OAI-PMH is a relatively light-weight protocol which does not allow for a bidirectional traffic. If a more reliable error-handling is required, the Standardised Usage Statistics Harvesting Initiative (SUSHI) must be used. SUSHI http://www.niso.org/schemas/sushi/was developed by NISO (National Information Standards Organization) in cooperation with COUNTER. This document assumes that the communication between the aggregator and the usage data provider takes place as is explained in figure 1.
Figure 1.
The interaction commences when the log aggregator sends a request for a report about the daily usage of a certain repository. Two parameters must be sent as part of this request: (1) the date of the report and (2) the file name of the most recent robot filter. The filename that is mentioned in this request will be compared to the local filename. Four possible responses can be returned by the repository.
In SUSHI version 1.0., the following information must be sent along with each request:
This request will active a special tool that can inspect the server logging and that can return the requested data. These data are transferred as OpenURL Context Object log entries, as part of a SUSHI response.

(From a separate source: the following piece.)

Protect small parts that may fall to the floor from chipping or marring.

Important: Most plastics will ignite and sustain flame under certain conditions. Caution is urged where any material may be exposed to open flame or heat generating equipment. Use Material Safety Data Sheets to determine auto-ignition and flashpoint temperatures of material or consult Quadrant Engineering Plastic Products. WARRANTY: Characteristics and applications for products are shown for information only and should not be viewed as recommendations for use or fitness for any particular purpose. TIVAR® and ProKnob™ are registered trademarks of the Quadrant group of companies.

The reponse must repeat all the information from the request, and provide the requested report as XML payload
The usage data are subsequently stored in a central database. External parties can obtain information about the contents of this central database through specially developed web services. The log harvester must ultimately expose these data in the form of COUNTER-compliant reports.
Listing 2 is an example of a SUSHI request, sent from the log aggregator to a repository.

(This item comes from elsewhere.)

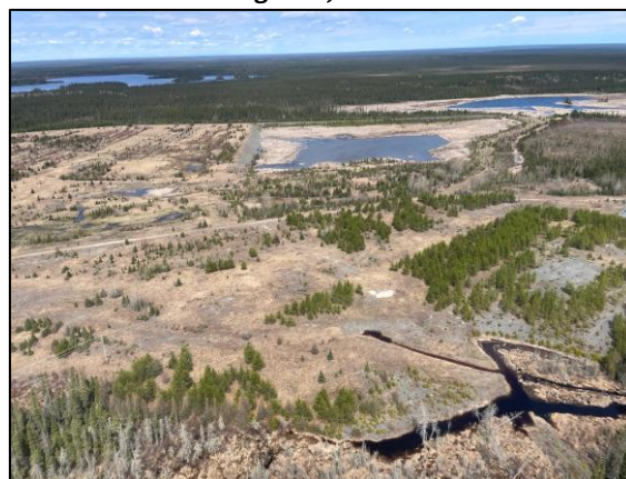
Figure 5 – Golden Patricia rehabilitated mining operations looking north, May 2026

<?xml version="1.0" encoding="UTF-8"?> <soap:Envelope xmlns:soap="http://schemas.xmlsoap.org/soap/envelope/" xmlns:xsi="http://www.w3.org/2001/XMLSchema-instance" xsi:schemaLocation="http://schemas.xmlsoap.org/soap/envelope/ http://schemas.xmlsoap.org/soap/envelope/"> <soap:Body> <ReportRequest xmlns:ctr="http://www.niso.org/schemas/sushi/counter" xsi:schemaLocation="http://www.niso.org/schemas/sushi/counter http://www.niso.org/schemas/sushi/counter_sushi3_0.xsd" xmlns="http://www.niso.org/schemas/sushi" xmlns:xsi="http://www.w3.org/2001/XMLSchema-instance"> <Requestor> <ID>www.logaggregator.nl</ID> <Name>Log Aggregator</Name> <Email>logaggregator@surf.nl</Email> </Requestor> <CustomerReference> <ID>www.leiden.edu</ID> <Name>Leiden University</Name> </CustomerReference> <ReportDefinition Release="urn:robots-v1.xml" Name="Daily Report v1"> <Filters> <UsageDateRange> <Begin>2009-12-21</Begin> <End>2009-12-22</End> </UsageDateRange> </Filters> </ReportDefinition> </ReportRequest> </soap:Body> </soap:Envelope> |
Note that the intent of the SUSHI request above is to see all the usage events that have occurred on 21 December 2009. The SUSHI schema was originally developed for the exhchange of COUNTER-compliant reports. In the documentation of the SUSHI XML schema, it is explained that COUNTER usage is only reported at the month level. In SURE, only daily reports can be provided. Therefore, it will be assumed that the implied time on the date that is mentioned is 0:00. The request in the example that is given thus involves all the usage events that have occurred in between 2009-12-21T00:00:00 and 2002-12-22T00:00:00.
As explained previously, the repository can respond in four different ways. If the parameters of the request are valid, and if the requested report is available, the OpenURL ContextObjects will be sent immediately. The Open URL Context Objects will be wrapped into element <Report>, as can be seen in listing 3.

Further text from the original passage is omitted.